Chronic pain affects more than 20% of adults in the United States and is associated with substantial physical, mental, and social burden. Clinical text contains rich information about chronic pain, but no systematic appraisal has been performed to assess the electronic health record (EHR) narratives for these patients. A formal content analysis of the unstructured EHR data can inform clinical practice and research in chronic pain.
We characterized individual episodes of chronic pain by annotating and analyzing EHR notes for a stratified cohort of adults with known chronic pain.
We used the Rochester Epidemiology Project (REP) infrastructure to screen all residents of Olmsted County, Minnesota for evidence of chronic pain, between 1/1/2005 and 9/30/2015. Diagnosis codes were used to assemble a cohort of 6,586 chronic pain patients; people with cancer were excluded. The records of an age- and sex-stratified random sample of 62 patients from the cohort were annotated using an iteratively developed guideline. The annotated concepts included date, location, severity, causes, effects to life, diagnostic procedures, medications, and other treatment modalities.
A total of 94 chronic pain episodes from 62 distinct patients were identified by reviewing 3,272 clinical notes. Documentation was written by clinicians across a wide spectrum of specialties. Most patients (65%; n=40) had one pain episode during the study period. Inter-annotator agreement ranged from 0.78 to 1.00 across the annotated concepts. Some pain-related concepts (e.g., body location) had 100% coverage among all the episodes, while others had moderate coverage (e.g., effects to life, 59%). Back pain and leg pain were the most common types of chronic pain in the annotated cohort. Musculoskeletal issues like arthritis were annotated as the most common causes.
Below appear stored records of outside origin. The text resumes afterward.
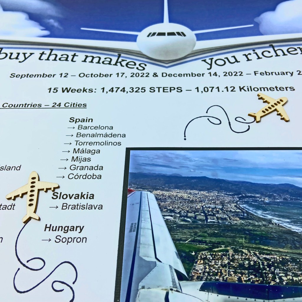 It feels good to be back in my scrapbook room creating again, and this layout seemed the logical place to start sharing with you. It was inspired by my Aunt who asked “Do you know how many steps you’re taking on these journeys?” That question got me thinking, and when I was back home I sat down with an excel spreadsheet and my fitness tracker to figure it out. We were constantly on the go, taking advantage of every day and opportunity while we were overseas. However, I had no idea we had logged over 1,000 kilometres and almost 1 & 1/2 million steps! Of course, I had to scrapbook this accomplishment and include the beautiful places we visited during our travels.
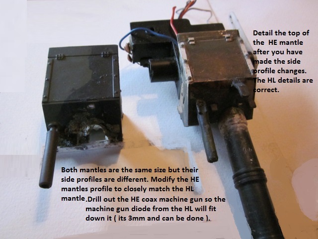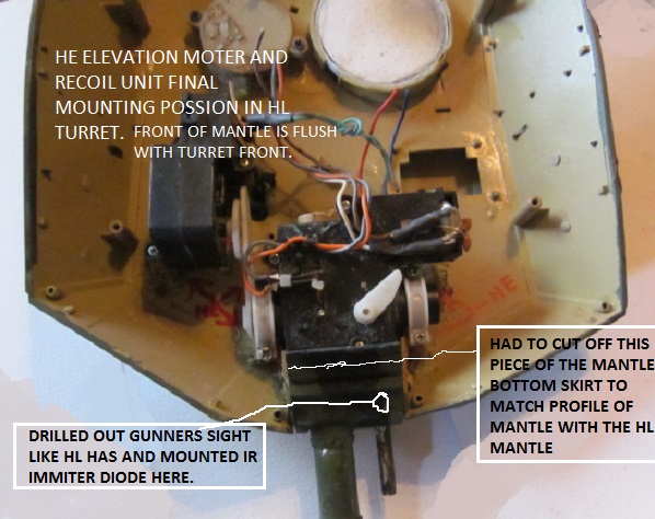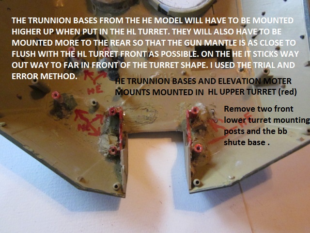 HE parts mounted in HL turret after much adjusting of location of HE trunions and the profile of the gun mantle.
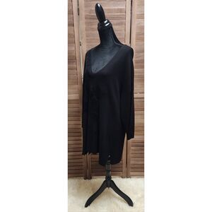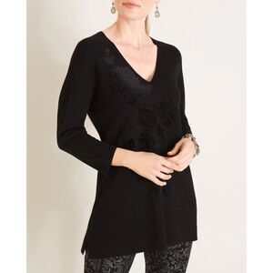 Chico's 2 Velvet-Applique Floral Sweater Large L Long Black V-Neck Tunic Top
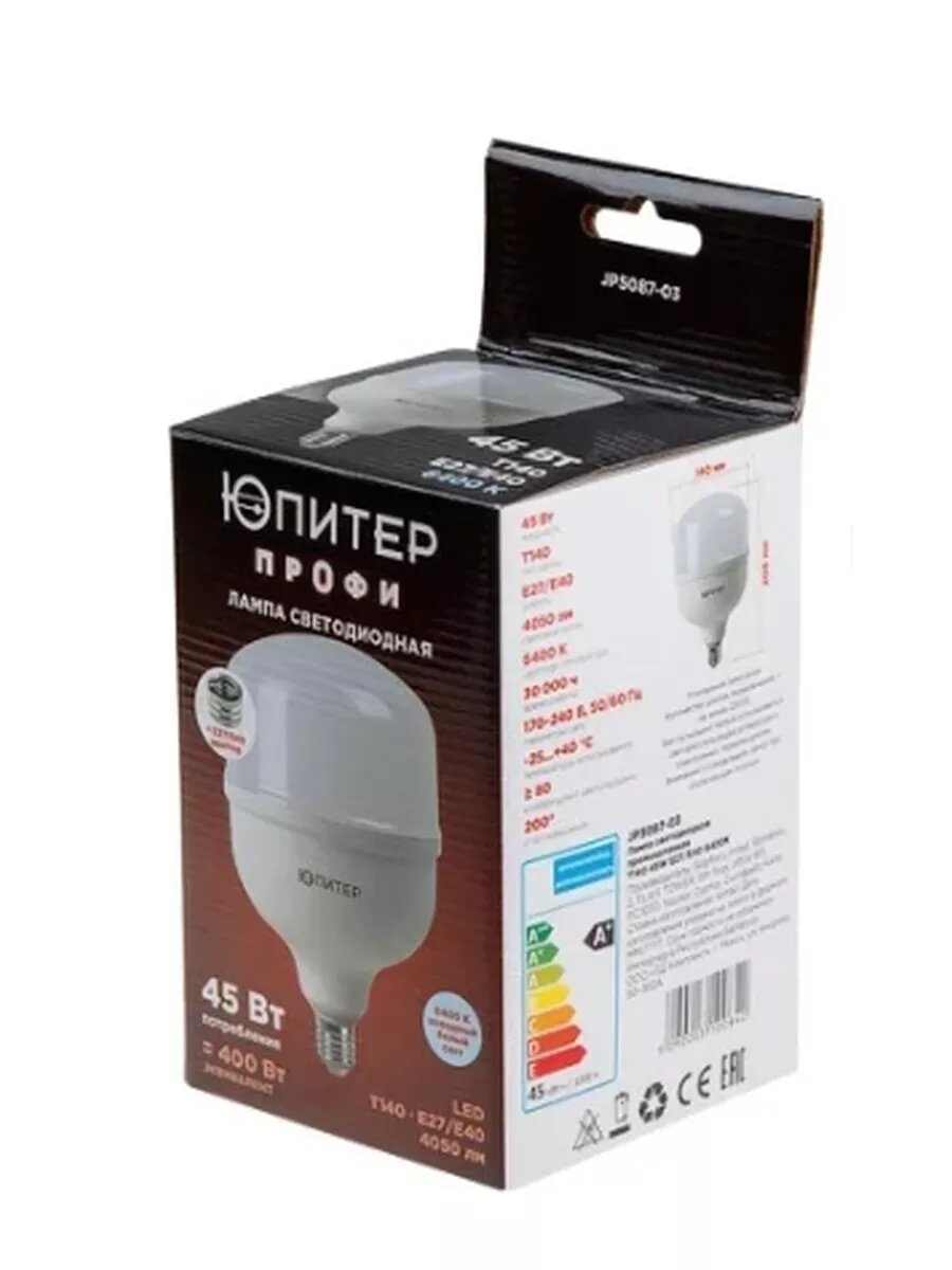 Лампа светодиодная промышл. T140 45 Вт 170-240В E27/E40 6400К юпитер (400 Вт аналог лампы накал., 4050Лм, холодный белый свет) (JP5087-03) интересное:
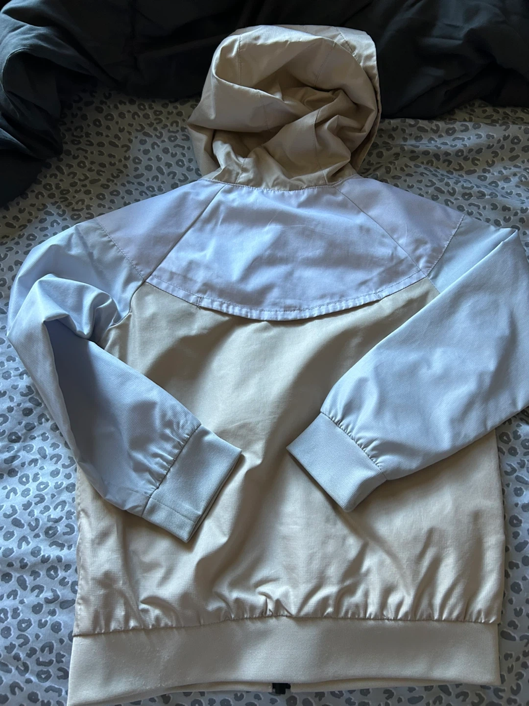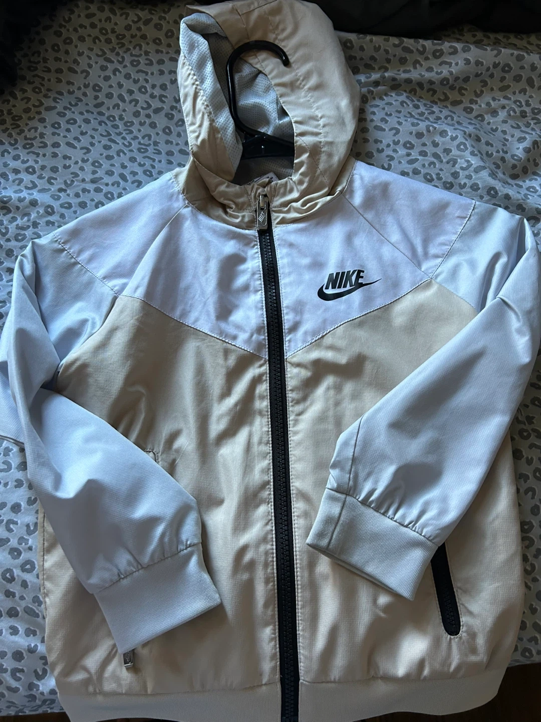 Nike Windrunner jacket in a stylish white and beige colorway. It's perfect for layering or wearing on its own during milder weather. This jacket is lightweight and portable, making it great for outdoor activities or travel. It's in great condition and ready for a new home
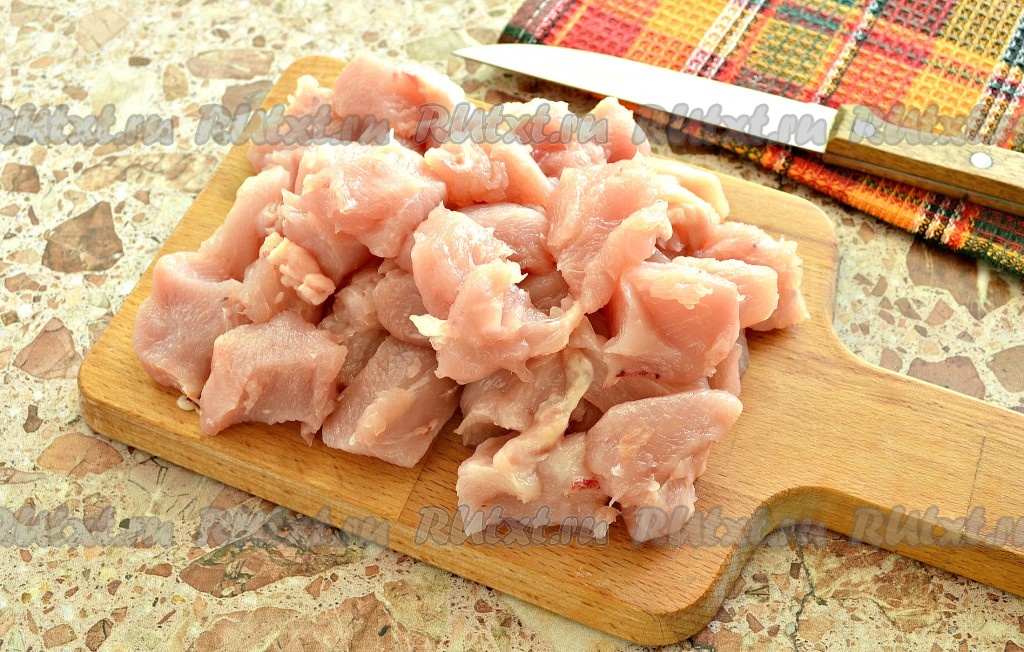 Куриное филе нарезать на кусочки шириной, примерно, 2 см, выложить в чашу к обжаренным овощам, перемешать. Кстати, вместо куриного филе можно взять другие «мясистые» части птицы - окорочка, бёдра, голени. Мясо нужно будет снять с кости, а потом уже нарезать на кусочки.
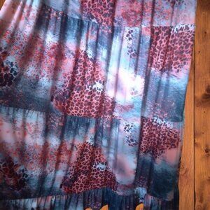 Magic women's plus size 1X maxi skirt is a pull on with elastic waist and belt accent at the front with buckle. It is a tiered ruffle skirt with a gorgeous colorful pattern.
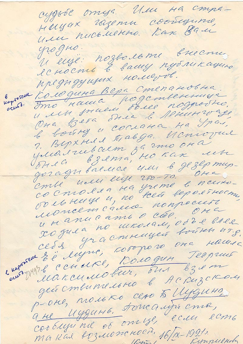 (комментарий: в картотеке есть) Колодина Вера Степановна. Это наша родственница и мы знаем более подробно. Она взята была в Ленинграде, в войну и сослана на Урал, г. Верхняя Тавда. История умалчивает за что она была взята, но как мы догадываемся или в дезертирстве или еще что-то. Она состояла на учете в психбольнице и, по всей вероятности, может сама попросить и написать о себе. Она ходила по школам, объявляя себя участницей войны и т.д. Её муж, которого она нашла в ссылке, (комментарий: в картотеке есть) Колодин Георгий Максимович, был взят действительно в Аскизском р-не, только село Иудино, а не Иудинь. Пожалуйста, сообщите об отце, если есть такая возможность.
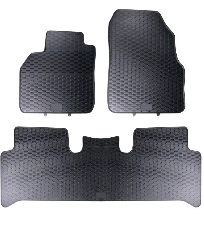 Robusztus gumi autószőnyegek Renault Scenic II 2003 – 2009. Méhsejt mintázatú futófelülettel rendelkeznek, amely megakadályozza, hogy a víz vagy az olvadó hó átfolyjon a szőnyegeken. A szőnyeg széle körülbelül 1 cm magas.
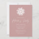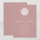 Convites modernos para festa de Natal com um floco de neve branco no topo do design e um fundo festivo rosa poeirento. "Festa de Natal" é exibido em uma escrita manuscrita branca. Personalize os convites de festa de Natal com floco de neve com os detalhes da sua festa.
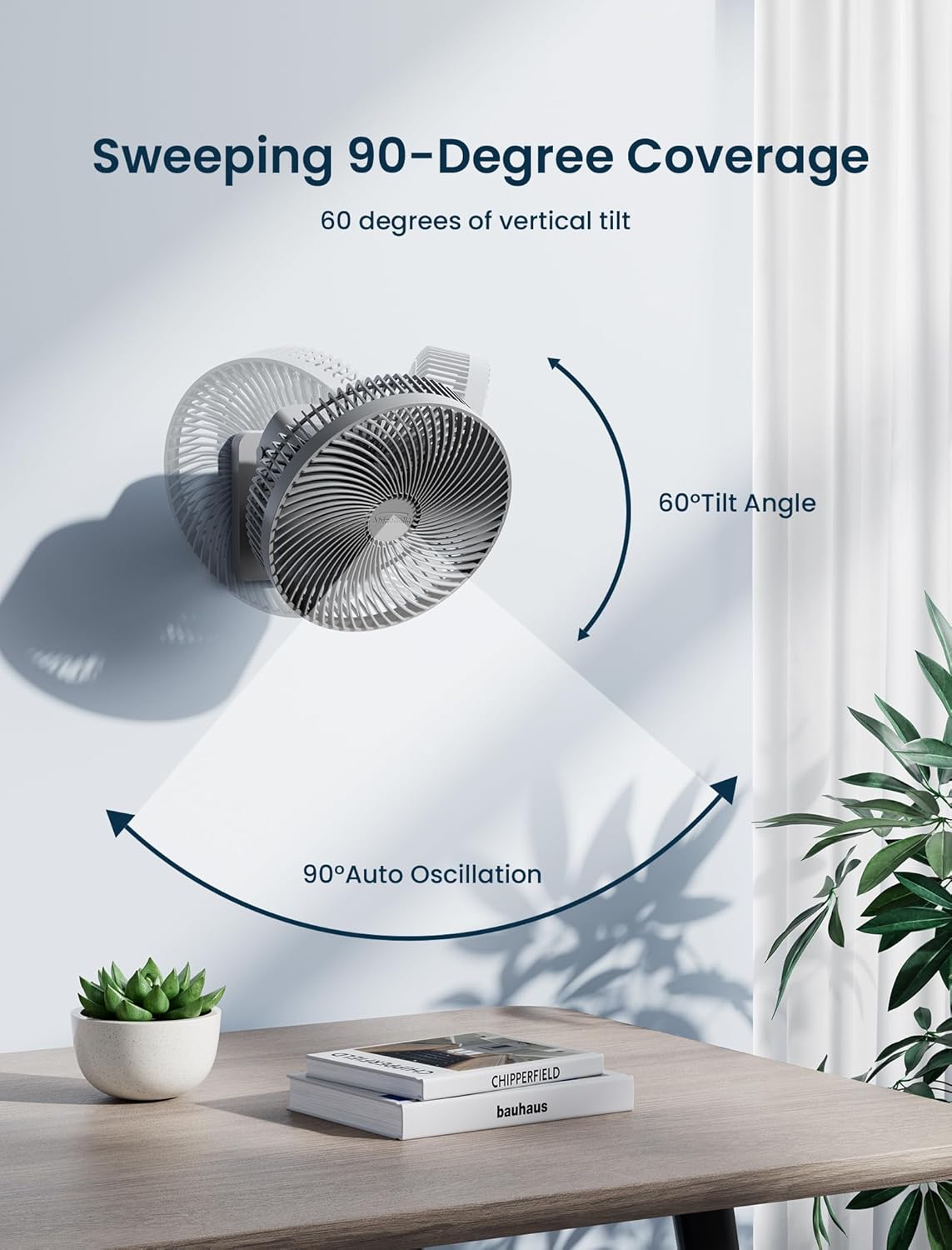 The fan offers 90° oscillation for wide airflow coverage.
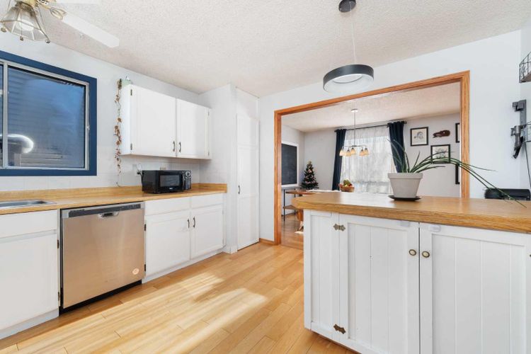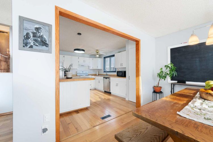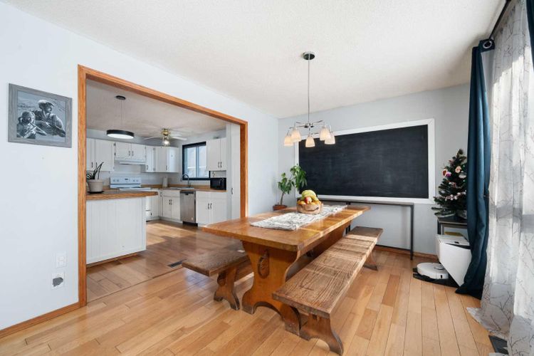 Welcome home to this charming and welcoming updated four-level split, perfectly situated on a quiet street in the desirable community of Maplewood, Strathmore. Offering spacious living, smart design, and fantastic outdoor amenities, this property is truly move-in ready and ideal for a growing family. As you enter, you'll be greeted by the bright and open concept main level, featuring a seamless flow between the living and dining areas, perfect for entertaining. The heart of the home is the large, functional kitchen featuring butcher block countertops and an abundance of cabinet and counter space for easy organization and meal prep. The upper floor provides a tranquil retreat with two generously spacious bedrooms and a shared, well-appointed 4-piece main bathroom, ensuring comfort for the whole family. The first lower level is dedicated to relaxation, featuring a sun-filled family room with patio doors offering direct, walk-out access to the beautifully landscaped backyard, blending indoor and outdoor living. This level also includes a bright third bedroom and a convenient 3-piece bathroom, ideal for guests or a home office. The lowest level—the fully finished basement—adds incredible value and versatility. It boasts a fourth distinct living space, a large recreation room perfect for games, and plenty of utility/storage space with dedicated laundry facilities. Recent updates include a brand new roof and shingles that were installed in July 2025 on both the house and the oversized garage. Furthermore, three new rear windows in the bedrooms feature triple-pane glass, significantly enhancing energy efficiency and comfort. The exterior is equally appealing. The property features an oversized single detached garage that is nearly tandem in depth, offering excellent storage potential. The extra-long driveway is a huge asset, providing parking for an additional three vehicles. Location is key, and this home delivers. Situated on a quiet street, you're literally around the c orner from a neighbourhood park and local schools, plus a fantastic sledding hill for winter fun. For year-round enjoyment, the Strathmore Aquatic Centre is just a couple of minutes away. This Maplewood gem perfectly balances comfortable family living with an ideal location and crucial modern updates. Don't miss your chance to call this exceptional property home! (id:26452)
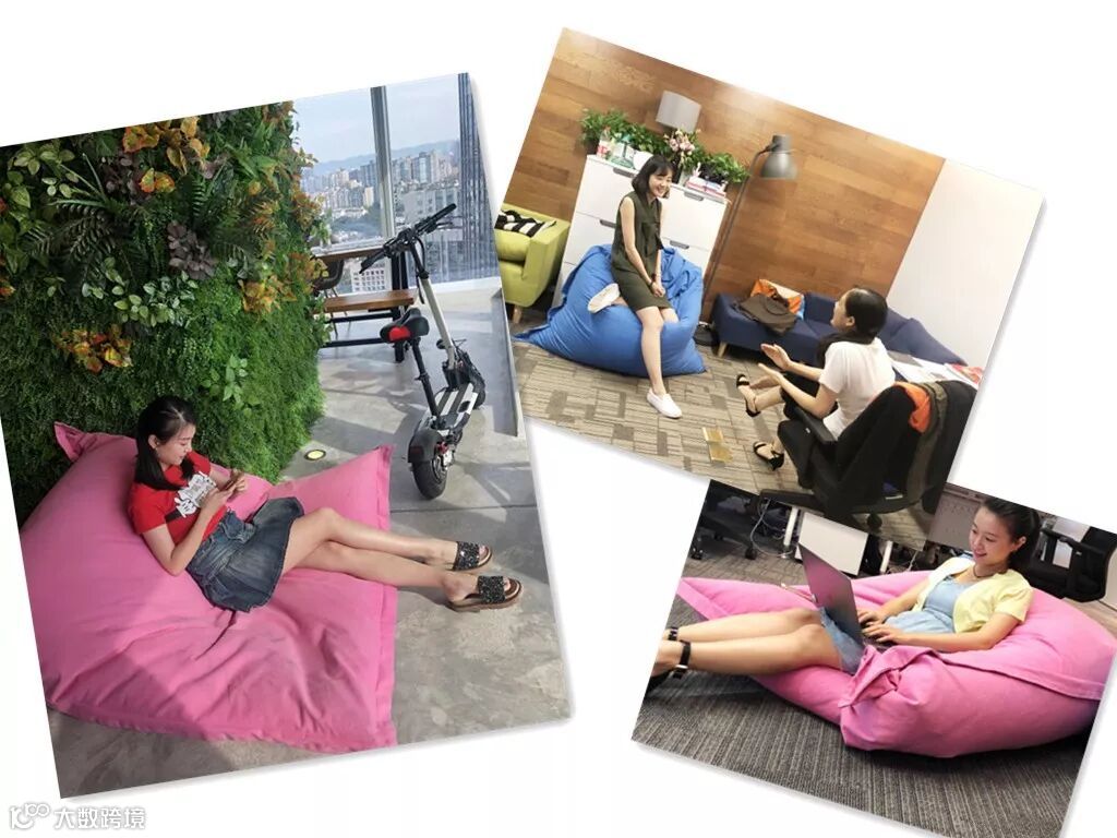 如果只有站立式办公桌当然不足够,小雨点还为员工配备了酷炫电竞椅、共享滑板车、感应游戏机、懒人沙发豆袋、放松按摩椅、娱乐机麻桌、秘密花园电话亭、乒乓球台、健康瑜伽班等等。
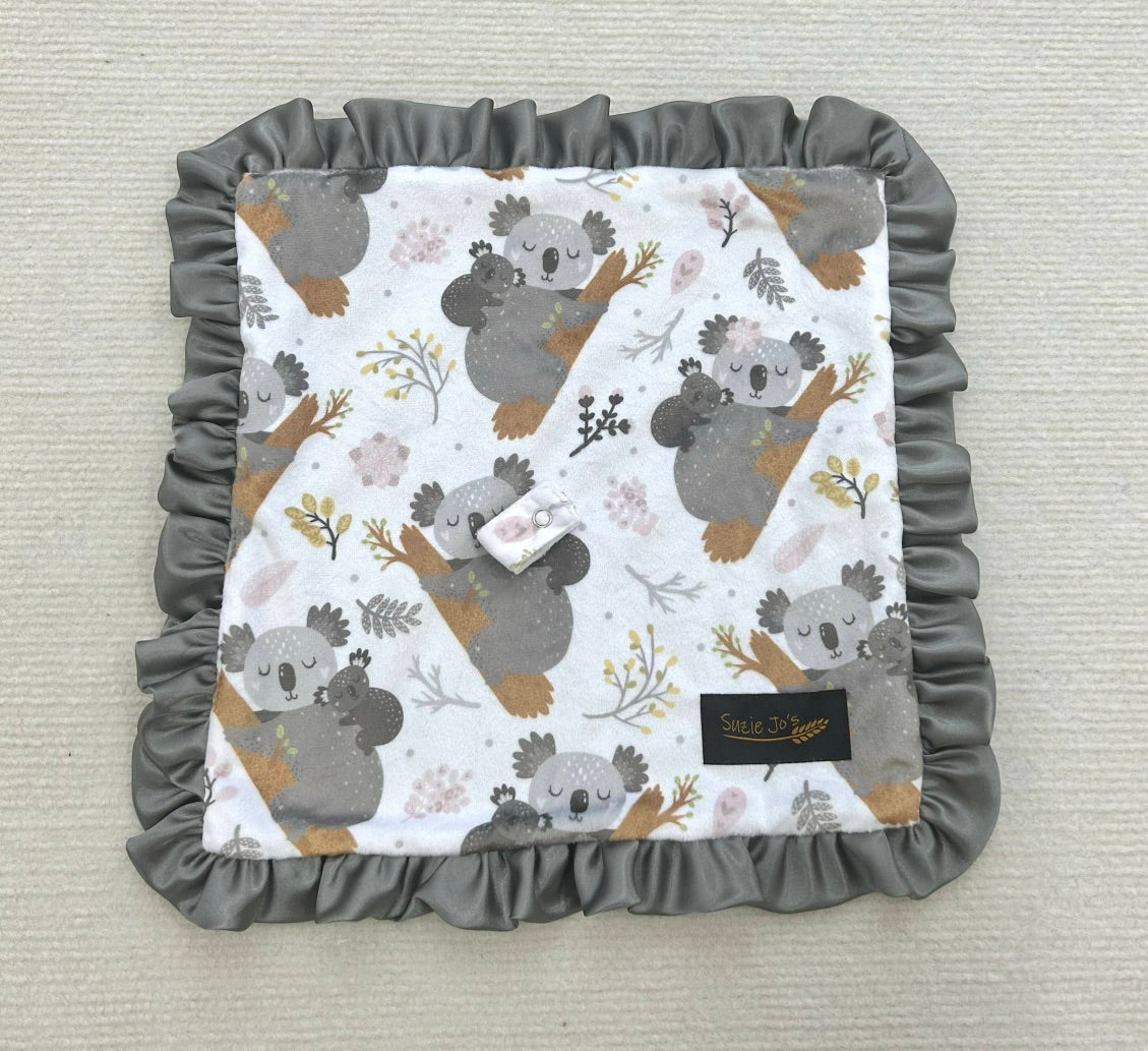 Pacifier blankets are a great addition for little ones who tend to carry their "Silky" with them in the car, and you don't want to risk losing their pacifier or favorite toy. These blankets come with a durable snap tab that allows you to attach anything you want to keep close to your little one while in their car seat, stroller or on a plane!
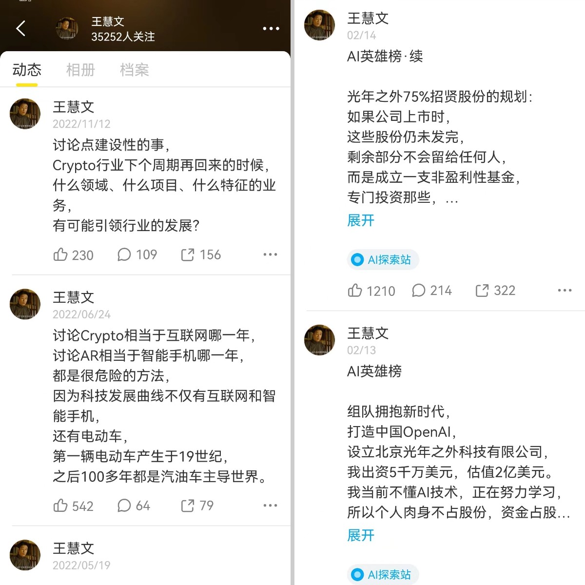 从美团退休48天后,他出任快手科技非独立执行董事。2022年11月,他的即刻账户上显示,他在关注Crypto(加密货币),比如Web3。今年,随着ChatGPT的大火,他亲自上场,创立人工智能公司光年之外。在招募人才的英雄帖中,他称要组队拥抱新时代,打造中国OpenAI。
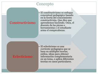 El documento compara el constructivismo y el eclecticismo. El constructivismo ve al estudiante como constructor de su propio conocimiento, mientras que el eclecticismo se basa en múltiples teorías. Ambos enfoques difieren en su visión del estudiante, el docente, el aprendizaje y el ambiente. Figuras claves del constructivismo son Piaget y Vygotsky, mientras que Gagné es relevante para el eclecticismo.

Opioids were the most commonly captured medication, while physical/occupational therapies were the most common non-pharmaceutical treatments.
We have systematically annotated chronic pain episodes in clinical text. The rich content analysis results revealed complexity of the chronic pain episodes and of the management, as well as the challenges in extracting pertinent information even for humans. Despite the pilot nature of the work, the annotation guideline and corpus should be able to serve as informative references for other institutions with shared interest in chronic pain research using the EHR.